1999
Stand as a Witness
August 1999


“Stand as a Witness,” Liahona, Aug. 1999, 8

Stand as a Witness

I had repeated those words countless times. Now they were about to become more than words. I had to make them count.

I must have recited the Young Women theme a million times before I had an experience that helped me learn to appreciate its importance.

In Young Women opening exercises, I usually recited the theme without really thinking about what I was saying. But one particular day, during my junior year of high school, those inspired words rang through my mind as I faced an important decision.

My teacher assigned our speech class group projects. Each group picked a scene from a play to perform for the class. We spent the next four days preparing for our performances, and we started to hear rumors that one group of boys had chosen a questionable scene dealing with morality issues. A lot of us were surprised when our teacher allowed them to keep their selection. He argued that it was a well-known play, and “for art’s sake,” he said, he must allow them to perform it.

On the day of the performances, our teacher again discussed the controversial play. He agreed it might be offensive. Then he added, “Those of you who feel uncomfortable have my permission to leave the room.” Jokingly, half the class stood up and pretended to walk out. Who wouldn’t want to take advantage of going to lunch early?

I began feeling a little nervous as the boys started their performance. At first, several of my classmates blushed and giggled uneasily, but as the scene went on, people began to relax. I was shocked to see no one leaving the room. I looked at a few of my Latter-day Saint friends, watching for one of them to give the signal for us to walk out together. But none of them did. I remained at my desk with my head down so no one could see my crimson cheeks. I felt very uncomfortable, but I was also afraid to leave. After all, it was art, right?

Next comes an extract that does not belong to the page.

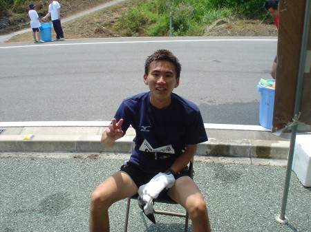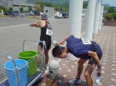 60kmを過ぎ、本格的にきつくなってきた。まず太もも前後、ふくらはぎはもちろんだが、手足が軽くしびれる。血液が十分に循環していないようだ。座って力を抜くと、血が流れていくのが分かる。すーっと。だから筋肉中にたまった疲労物質が流れていかないのだとは分かったが、積極的にどうすればいいかは分からない。休んでいればいいのだろうが、時間は流れていくのでずっと休むわけには行かない。そしてお腹もやられている。暑くなってきたのもあって、水を飲みすぎたのか胃液が薄まったようでおなかがたぽたぽ、水も食料も吸収されない。もはや内臓として機能していない。50km過ぎから最後までほとんど何も食べられなかった。何も食べないとエネルギーが出るわけはない。さくら道のときにお世話になったパンシロンを持っていけばよかった。光化学スモッグっぽい気もして気持ちも悪い。

At that moment, the Young Women theme came into my mind: “We will ‘stand as witnesses of God at all times and in all things, and in all places’ (Mosiah 18:9).” Immediately, I knew what I was going to do. “All places” meant everywhere, even in a classroom with my friends.

Quietly, I got up and left the room. That was it. No one got up and followed me. No one applauded my valiant act. No one was converted by my example. But inside I knew I had done the right thing, even though people teased me for the next two weeks. I felt good about standing up for my beliefs “at all times and in all things, and in all places.”